Content starts

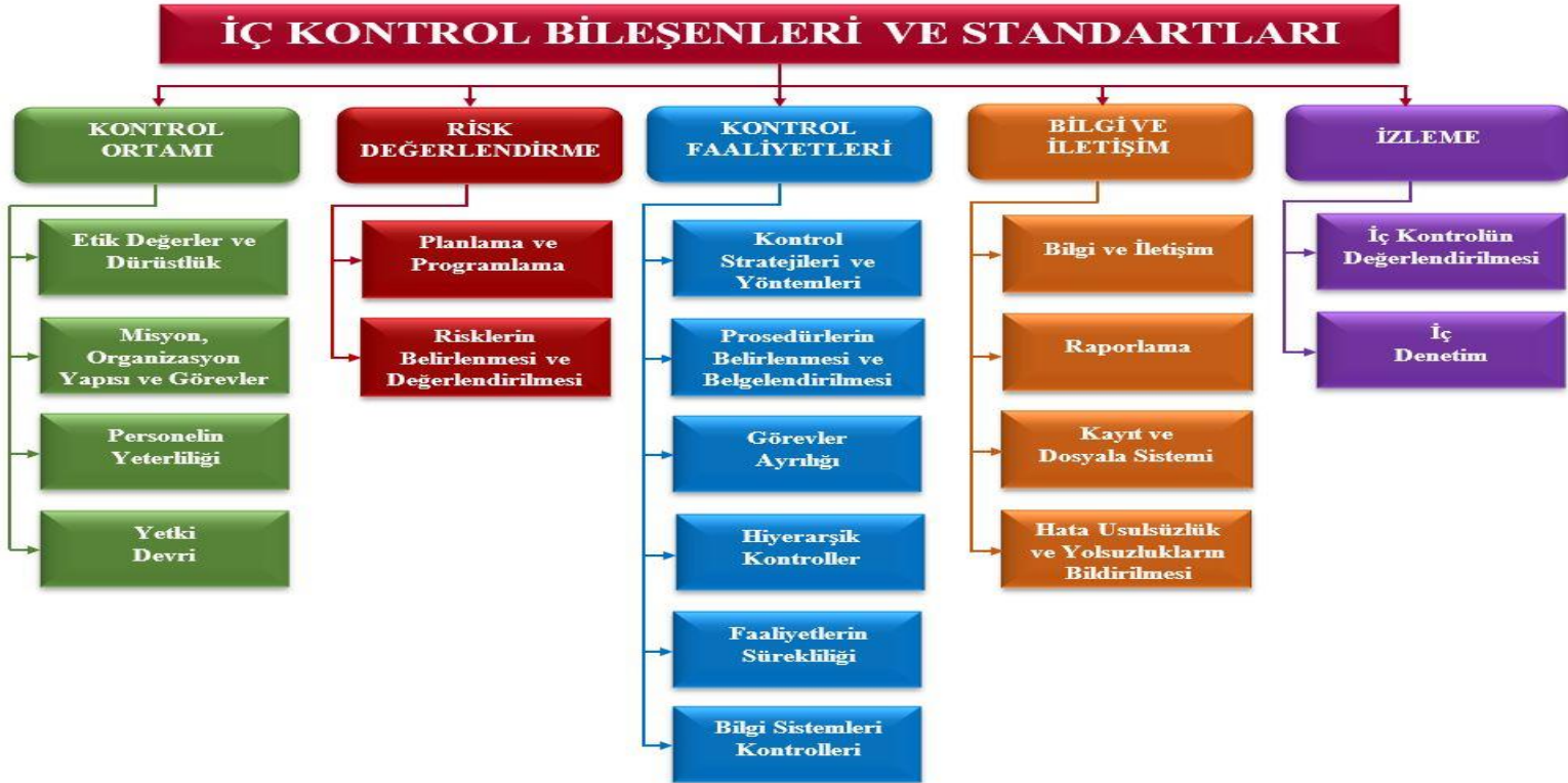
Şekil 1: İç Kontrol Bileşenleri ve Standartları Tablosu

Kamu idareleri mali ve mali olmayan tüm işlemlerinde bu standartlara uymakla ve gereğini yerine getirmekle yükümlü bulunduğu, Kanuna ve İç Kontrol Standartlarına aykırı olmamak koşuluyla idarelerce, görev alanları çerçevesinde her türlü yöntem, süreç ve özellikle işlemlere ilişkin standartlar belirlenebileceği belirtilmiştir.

Content ends
Content starts

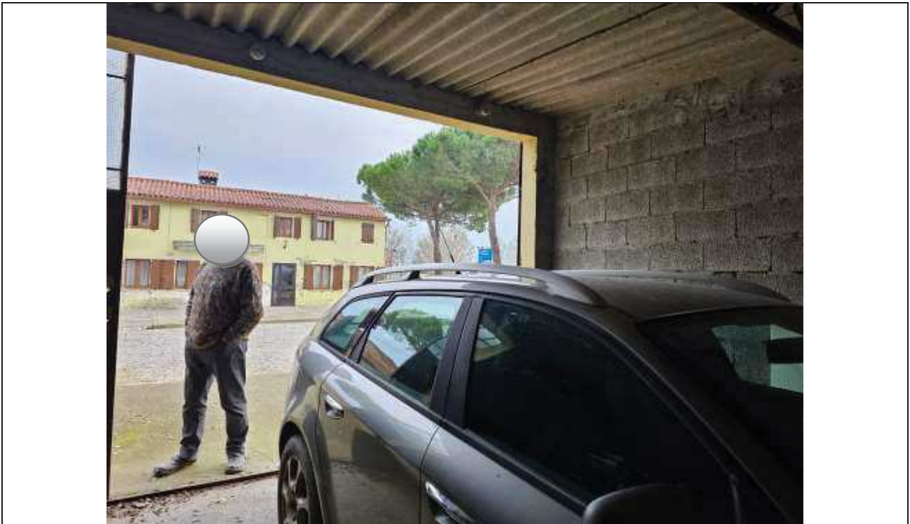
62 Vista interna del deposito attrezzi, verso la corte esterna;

Content ends
Content starts

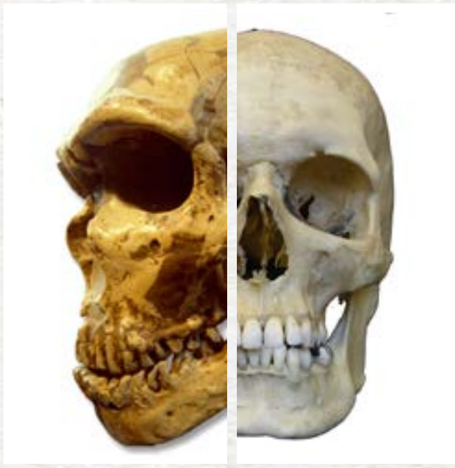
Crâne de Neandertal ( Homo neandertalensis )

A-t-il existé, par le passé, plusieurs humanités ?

Content ends

THE PROBLEM
From the data above, output only the lines between the line containing "Şekil 1: İç" and the line containing "Kamu idareleri mali", inclusive, exactly as written.

EXERCISE RESULT
Şekil 1: İç Kontrol Bileşenleri ve Standartları Tablosu

Kamu idareleri mali ve mali olmayan tüm işlemlerinde bu standartlara uymakla ve gereğini yerine getirmekle yükümlü bulunduğu, Kanuna ve İç Kontrol Standartlarına aykırı olmamak koşuluyla idarelerce, görev alanları çerçevesinde her türlü yöntem, süreç ve özellikle işlemlere ilişkin standartlar belirlenebileceği belirtilmiştir.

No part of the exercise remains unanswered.